Both sound and light (in most circumstances) travel in waves. Scientists measure the frequency, wavelength and velocity of these waves. The relationship among the three variables is simple. The velocity of a wave equals the frequency of the wave times the wavelength of the wave. This relationship makes it easy to determine the frequency of a soundwave or a lightwave from its known wavelength.
Determine the wavelength of the light. For example, a visible blue light has a wavelength of approximately 460 nanometres.
Divide the light's wavelength by 1 x 10^9 to find the wavelength in meters. In the example, 460/(1 x 10^9) = 4.6 x 10^-7.
Divide the speed of light, 3.00 x 10^8 meters per second, by the wavelength in meters. In the example, (3.00 x 10^8)/(4.6 x 10^-7) = 6.52 x 10^14.
Express your answer in the units calculated, which is reciprocal seconds (s^-1). The frequency of the blue light is 6.52 x 10^14 s^-1. This is the same thing as 6.52 x 10^14 Hertz, or Hz.

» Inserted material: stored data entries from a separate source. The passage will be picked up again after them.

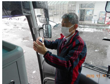
【6. 利用者乗降支援後の手指消毒】
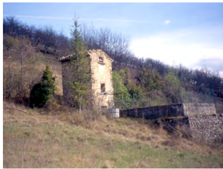
Divers types de cabanons du Var et du Vaucluse
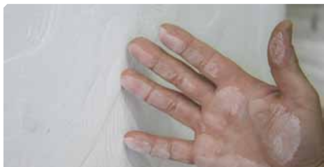
■ Supporto polveroso..
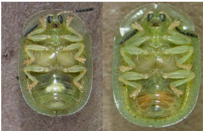
Figura 7. Hembra (izquierda) y macho (derecha) de Gratiana boliviana ; nótese los oviductos blancos y los testículos anaranjados.

Los machos y hembras en estado reproductivo pueden ser reconocidos al observar la parte ventral del abdomen. Dos testículos anaranjados son visibles a través del integumento de los machos, mientras que los oviductos blancos pueden ser visibles en las hembras.
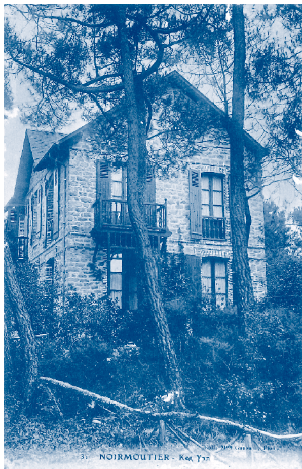
Une villa du Bois de la Chaise, début XXe siècle. Carte Postale.
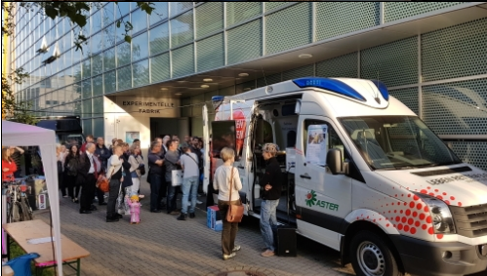
ExFa (Bild 1 von 7)»
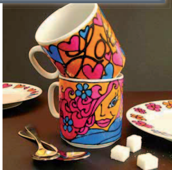
Für Junge und Jungverliebte
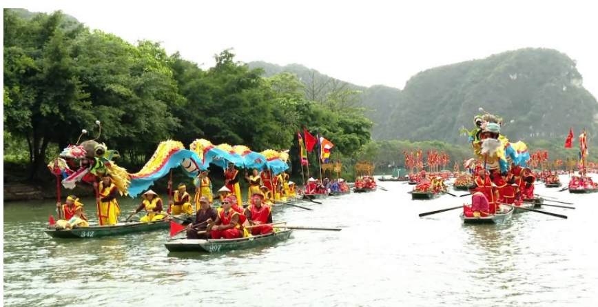
Hình 4.15. Nghi thức rước rồng trên sông Sào Khê tại lễ hội Tràng An

Bên cạnh đó, tăng trưởng xanh còn có vai trò quan trọng trong bảo tồn di sản thiên nhiên và văn hoá của tỉnh. Ninh Bình là nơi có Quần thể danh thắng Tràng An – di sản văn hoá và thiên nhiên thế giới; có khu sinh thái và dự trữ sinh quyển ven biển Xuân Thủy và có nhiều di tích lịch sử, làng nghề truyền thống lâu đời. Việc phát triển du lịch sinh thái, du lịch xanh giúp khai thác hợp lý các giá trị di sản, đồng thời bảo vệ cảnh quan, hệ sinh thái và bản sắc văn hoá địa phương. Qua đó, các di sản không chỉ được gìn giữ mà còn trở thành nguồn lực quan trọng cho phát triển kinh tế – xã hội lâu dài của tỉnh.

Determine the wavelength of the sound. For example, the wavelength of middle C on a piano is approximately 1.29m.
Divide the speed of the sound, 343 meters per second, by the wavelength in meters. In the example, 343/1.29 = 266, rounded off.
Express your answer in the units calculated, which is reciprocal seconds (s^-1). The frequency of middle C on a piano is 266 s^-1. This is the same thing as 266 Hz.
The speed of sound varies, depending on air temperature and humidity. It is 343.4m/s in dry air at 20 degrees Celsius. The speed of light is constant in a vacuum.